We finished our breakfast and I helped him clear the table. We washed dishes side by side, him scrubbing and me drying. I wiped down the table as he put the dishes away as the looming deadline of my leaving crept up on us. Soon, there would be nothing else for either of us to do and I would have to leave his cabin.
“You drive safe, okay? And you can come back anytime you want,” Travis said.
“I know. I’ll be back soon. I just… have things I have to straighten out there
. I can’t just abandon my family. An adult doesn’t do that.”
“No,” he said. “No, they don’t. Just keep yourself safe. Guard yourself. Don’t let yourself slip.”
“I won’t. I promise.”
I stood there on his porch, debating on what to do next. The tension was palpable between us. I could see it rising his cock. It started to press against his pajama pants, tenting them slightly as my nipples puckered. I wanted to press my hands into his bare chest and slam him to the floor. I wanted to connect my lips with his and taste the sweetness of his coffee-tainted breath.
But I knew I had to get home. I knew I still had unfinished business.
“Talk to you later,” I said as I turned to go.
Travis, however, reached out for my arm and twirled me back around. Our lips collided together as he pulled me close, my hands pressing into the beauty of his skin. They snaked around his neck, my back arching my body into him as our tongues wrapped together. I shook in his arms as my knees grew weak, his body holding me up when I could no longer hold my own weight.
The kiss left me breathlessly as he sat me back down onto my feet.
“Drive safe,” Travis said.
The entire ride home, I thought of him. Of that kiss. Of his body. Of the way it was so easy to talk with him. I smiled at the memories we had created as I pulled up into my home, but the presence of my parents on the porch poured dread over my entire body. I saw my brothers standing at the window, gazing out over the spectacle with worry and anger boiling over their faces.
Something had happened.
Something had taken place while I was gone.

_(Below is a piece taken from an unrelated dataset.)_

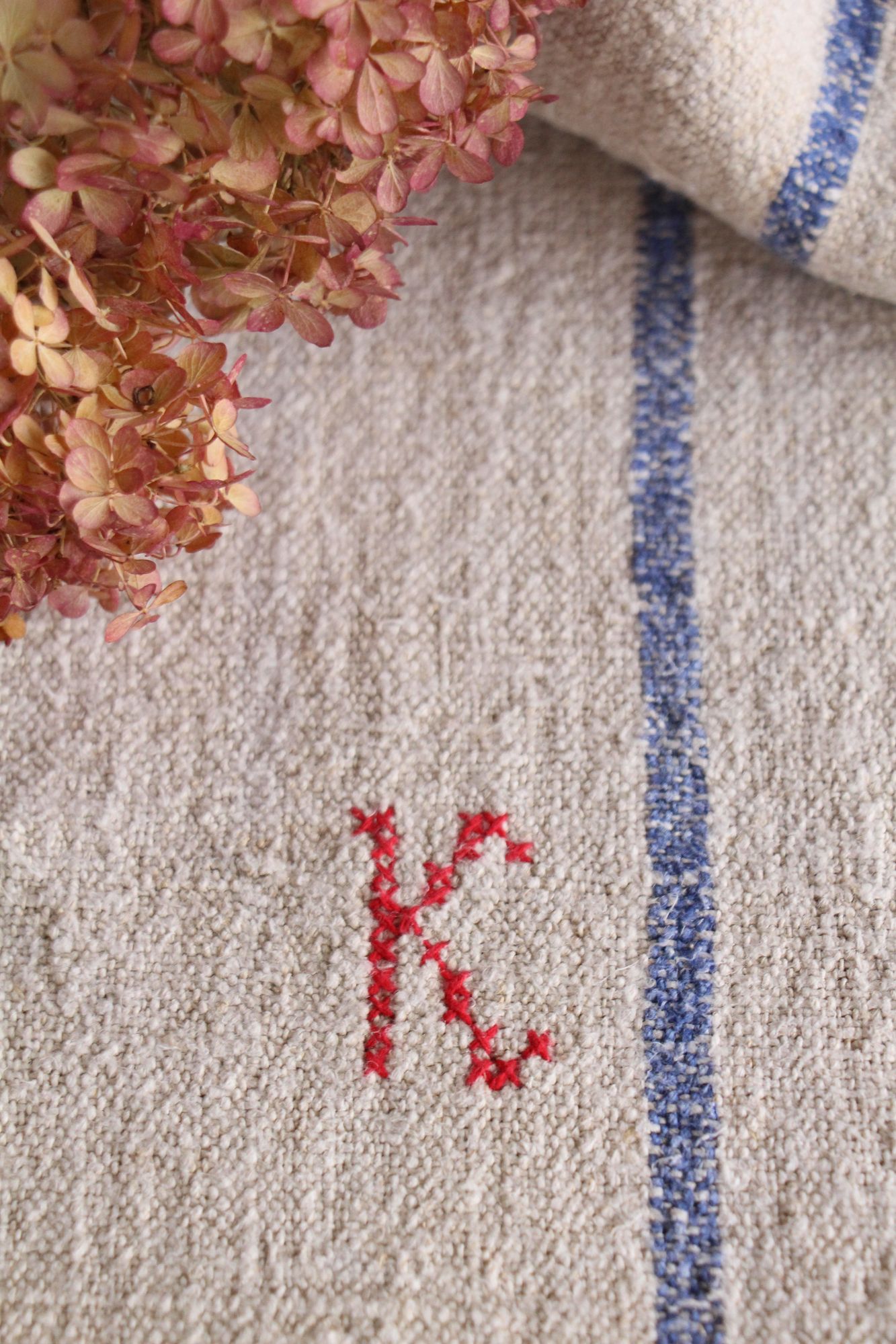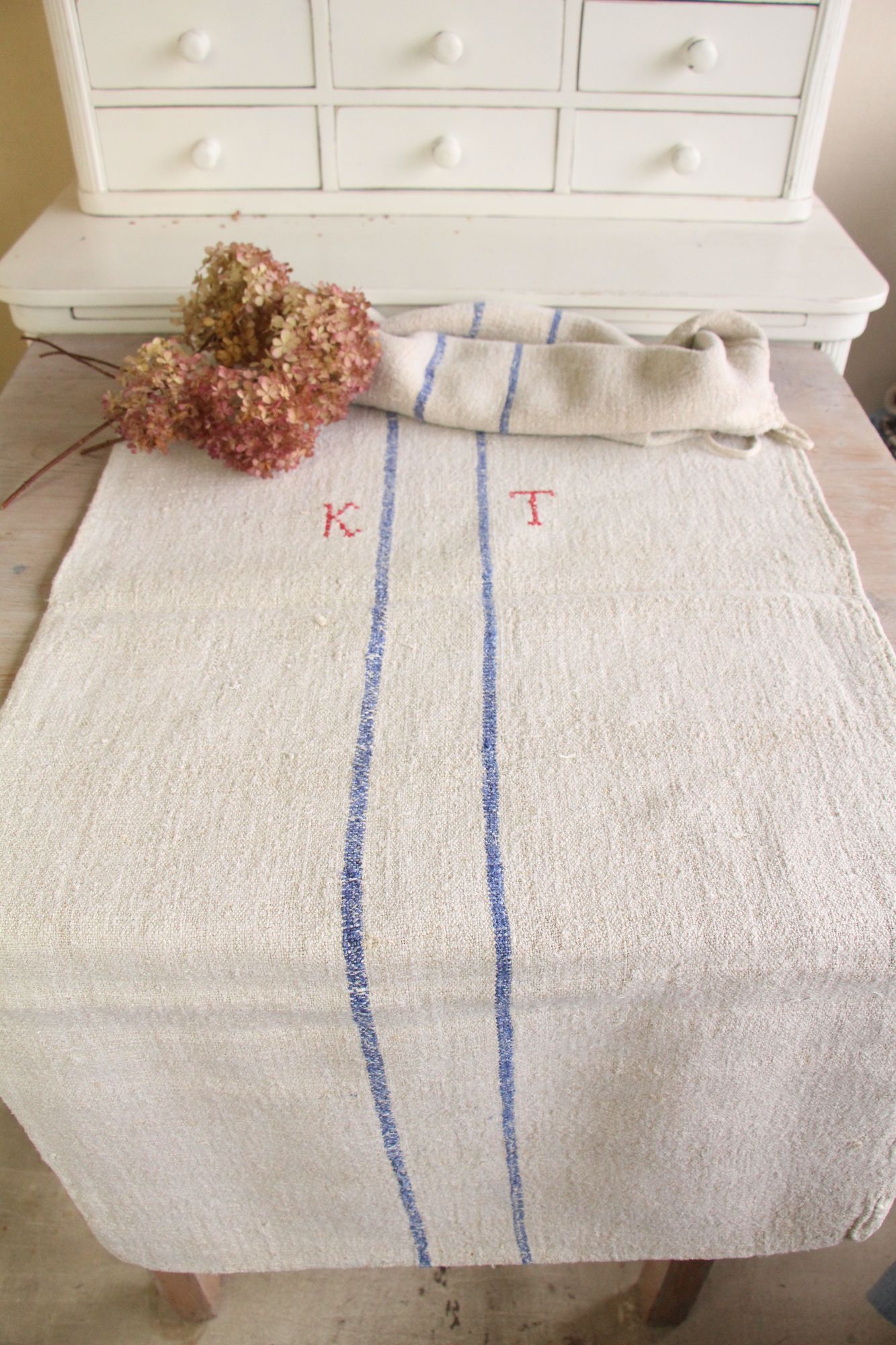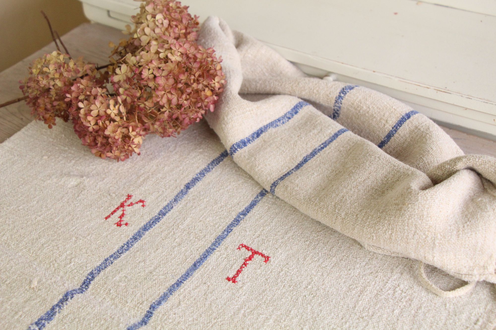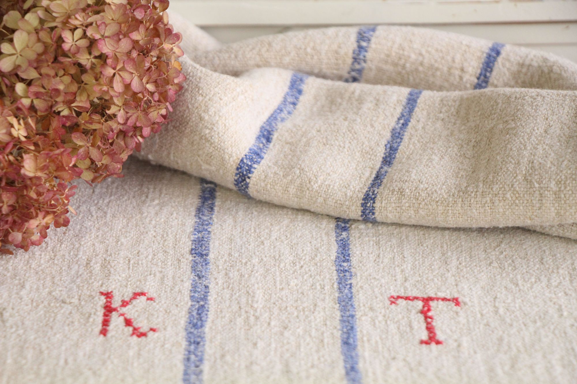 Besonderheit: Der Getreidesack hat ein charmantes rotes, handgenähtes Monogramm K T.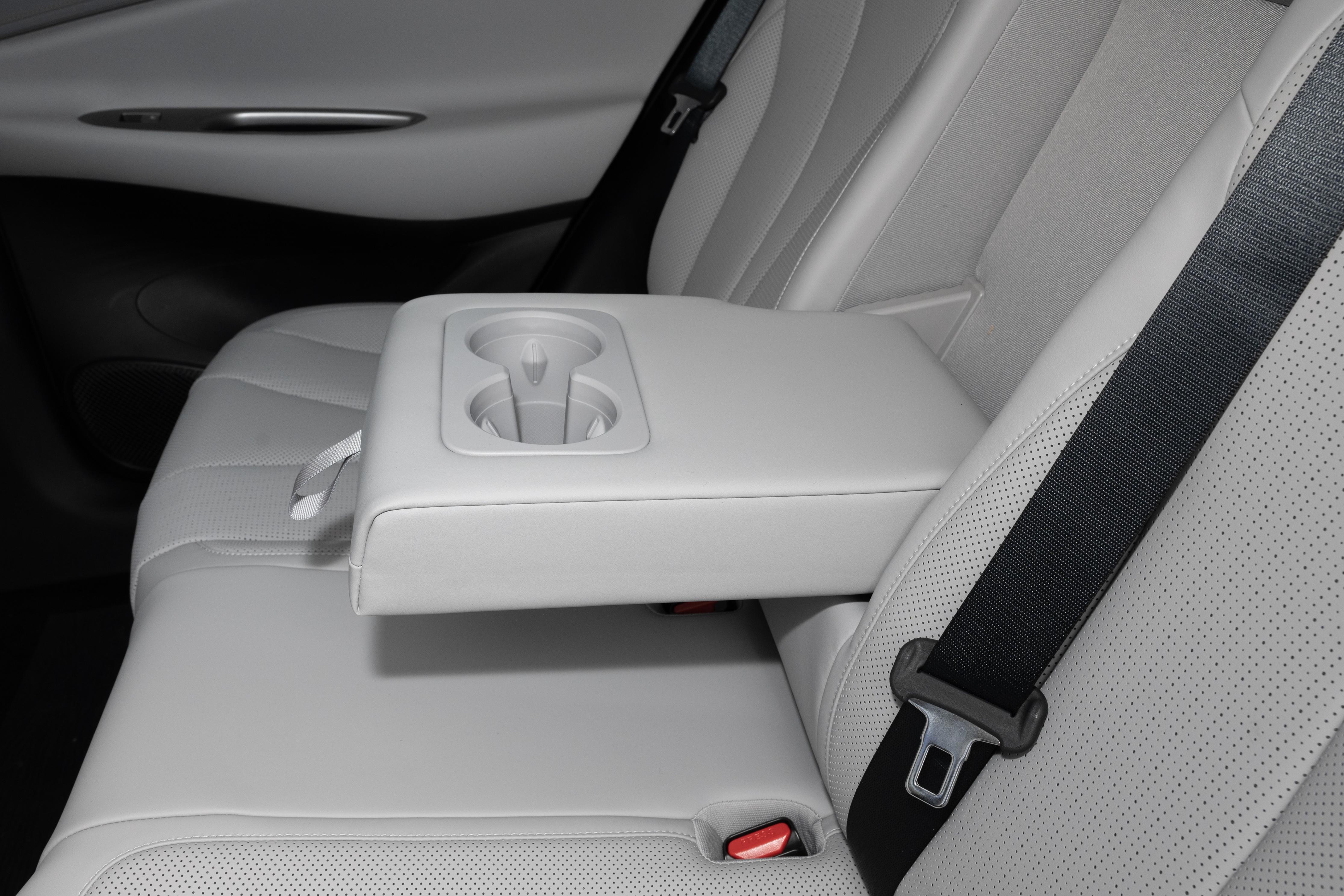 后排座椅靠背角度适中,长时间乘坐不会觉得累,不过实测发现,后排座椅中间位置的坐垫略硬,长时间乘坐容易疲劳,这是需要优化的地方。后排配备了独立的空调出风口和两个水杯架,能满足后排乘客的基本需求,细节处考虑得比较周到。

I got out of the car while it was still running and approached my parents on the porch. My mother had her eyes pointed to her feet as my father’s eyes penetrated to my soul. I reached out for my mother, wanting to take her hand just so she would look at me.
I’d seen this a few times before, and I knew it wasn’t going to be good. No matter what was about to happen, my mother was wracked with guilt.
The last time I saw her like this was when my father had denied me the right to a proper education in favor of getting me to date and marry the first time.
“Since you already have your bags packed and in your car, then this will be quick,” my father said.
“What will be quick?” I asked.
“I’m not sure what in the world has gotten into you, but I know someone who can sort it out. My sister does wonders for the women in our family. I’ve placed a call to her.”
“You called Aunt Myrtle?” I asked.
“She’s expecting you,” he said. “The family is headed back to Seattle in a few days, but you will be heading to Spokane.”
“I’m not going to Aunt Myrtle’s,” I said.
“Well, you’re most certainly not coming home with us. My sister will be able to figure out what in the world has gotten into my beautiful daughter, and when she corrects it, she will send you home.”
“There’s nothing to be corrected. You’re just pissed that I have my own free will and I’m finally discovering it.”
“That is enough. I am your father and those clothes on your back are mine. I have provided you with everything. A home. A room. Food. An education. Suitable men who could’ve loved you had you given them the chance and the ability to free yourself of the working class. I gave you a life of ease and luxury, and it turned you into a petulant, selfish child.”
“There’s no need for name calling,” my mother said.
“You will do well to stay silent during this,” my father said. “Part of this lies on your shoulders. On how you were so hell bent on shielding her from me when I could’ve corrected this before it ever escalated to this point. You failed your daughter. I suggest you start coping with that.”
“You don’t get to talk to her that way, she has nothing to do with this,” I said.